If you ever need the full pipeline trace for debugging (BM25 scores, cosine similarity, RRF contributions, rerank scores), just ask for it explicitly: "show me the full output" or "explain how it got there". The Exceptions clause in the rule tells the model to pass everything through verbatim in that case.

Why This Setup Matters

  1. Fully offline. The model weights run on your GPU/CPU via LM Studio, and the MCP server runs in a local Docker container. Your knowledge base, your queries, and the model's reasoning never leave the machine.
  2. Same pipeline as Cursor. The MCP server is bit-identical to the one used in the hybrid-search article. You are exercising the same BM25 + vector + RRF + cross-encoder code path, just with a different client and a local model.
  3. Portable rules. The Cursor rule, the LM Studio system prompt, and a Claude Desktop system message are interchangeable plain-text blocks. You author the behavior once and reuse it across every MCP client.
  4. Cheap to experiment.
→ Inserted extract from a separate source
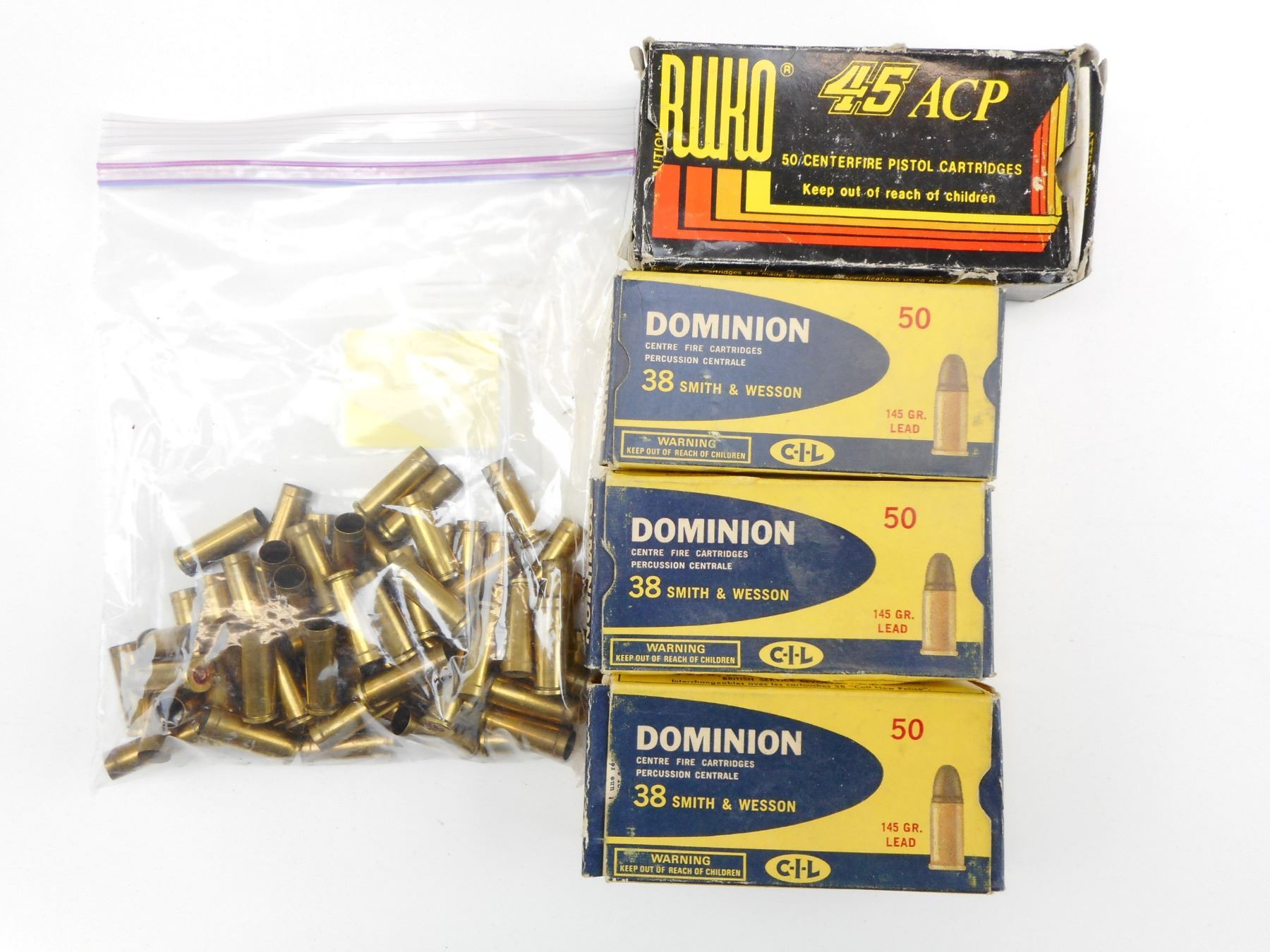 ASSORTED BRASS , 1.3 KG ASSORTED BRASS, INCLUDING 38 SMITH & WESSON, 45 ACP, 38 SP, 38 S & W IN VINTAGE DOMINION BOXES

Because everything is local, you can iterate on the knowledge base (drop new .md files into files_converted/, rebuild the image), swap in a smaller or larger model, or tune BM25 / RRF constants without worrying about API quotas.

Key Takeaways

  1. LM Studio is both a local LLM runtime and an MCP client, so any MCP server you run for Cursor can be reused here with the same mcp.json.
  2. Model choice matters: pick a model with a Tool Use capability badge, otherwise the search tool will never be invoked.
  3. The hybrid-search MCP server returns the full pipeline trace by design. A one-page system prompt is all it takes to keep the chat UX clean while still having the trace on demand.
  4. This pattern generalizes: any local pipeline you wrap as an MCP server (custom RAG, code search, log search) instantly becomes usable from every MCP-aware client, online or offline.